25 October 2014

What can the mind-set do to the body?

 That's the question at issue in the recent NYT article by Bruce Grierson "What if Age Is Nothing but a Mind-Set?" covering the work of Harvard psychologist Ellen Langer.  Langer has done various researches where people are "primed" with positive information about their situation - that they have control, are responsible, etc. and seen frequent improvements.

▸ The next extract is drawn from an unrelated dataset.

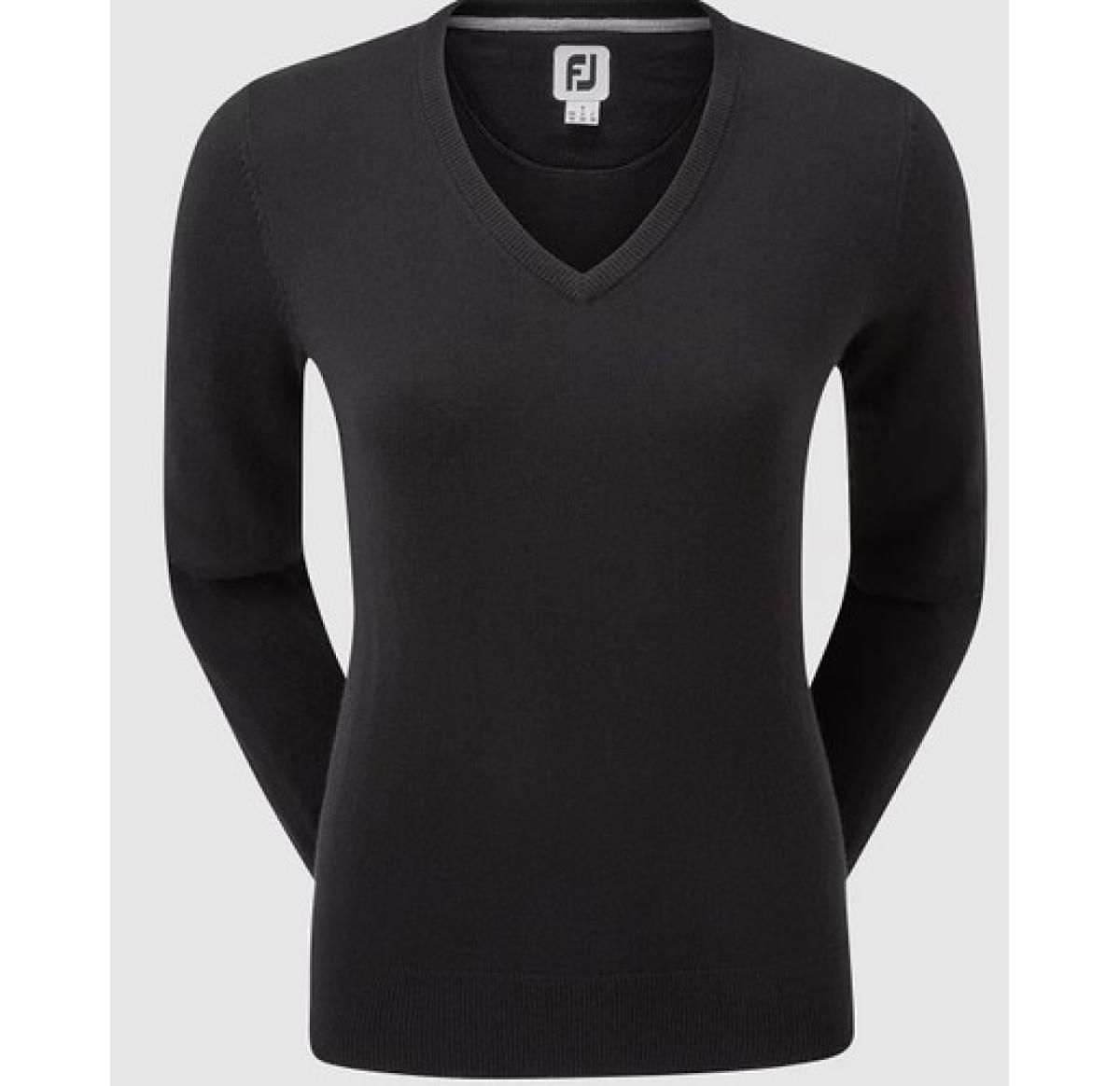 FJ (Footjoy) Women's Wool Blend V-Neck Golf Pullover with your logo embroidered to 1 position with default position being on the wearer's left chest. Premium wool blend fabric provides the warmth and comfort of a natural fibre. Elasticated knit cuffs and waistband. Fully fashioned construction

The title study done in 1981 involved bringing a group of men in their 70s into a controlled environment simulating 1959 for 5 days, and then evaluated them on various measures.  In various ways they appeared to be "younger" afterwards - in manual dexterity, in sitting taller.  Other previous studies had led her to this way of thinking about priming:
To Langer, this was evidence that the biomedical model of the day — that the mind and the body are on separate tracks — was wrongheaded. The belief was that “the only way to get sick is through the introduction of a pathogen, and the only way to get well is to get rid of it,” she said, when we met at her office in Cambridge in December. She came to think that what people needed to heal themselves was a psychological “prime” — something that triggered the body to take curative measures all by itself.
If we believe the mind to be the result of a physical process, then I don't see it as too far-fetched to believe that different mind-sets can manifest in different physical outcomes.  This is of course related to placebos generally:
Langer came to believe that one way to enhance well-being was to use all sorts of placebos. Placebos aren’t just sugar pills disguised as medicine, though that’s the literal definition; they are any intervention, benign but believed by the recipient to be potent, that produces measurable physiological changes. Placebo effects are a striking phenomenon and still not all that well understood. Entire fields like psychoneuroimmunology and psychoendocrinology have emerged to investigate the relationship between psychological and physiological processes. Neuroscientists are charting what’s going on in the brain when expectations alone reduce pain or relieve Parkinson’s symptoms. More traditionally minded health researchers acknowledge the role of placebo effects and account for them in their experiments. But Langer goes well beyond that. She thinks they’re huge — so huge that in many cases they may actually be the main factor producing the results.
Now Langer is taking the research to an extreme - setting up a positive situation for women with stage 4 breast cancer, which the medical establishment essentially has no answers for. While it's hard to believe that this will work, it still seems to me to be an avenue worth pursuing.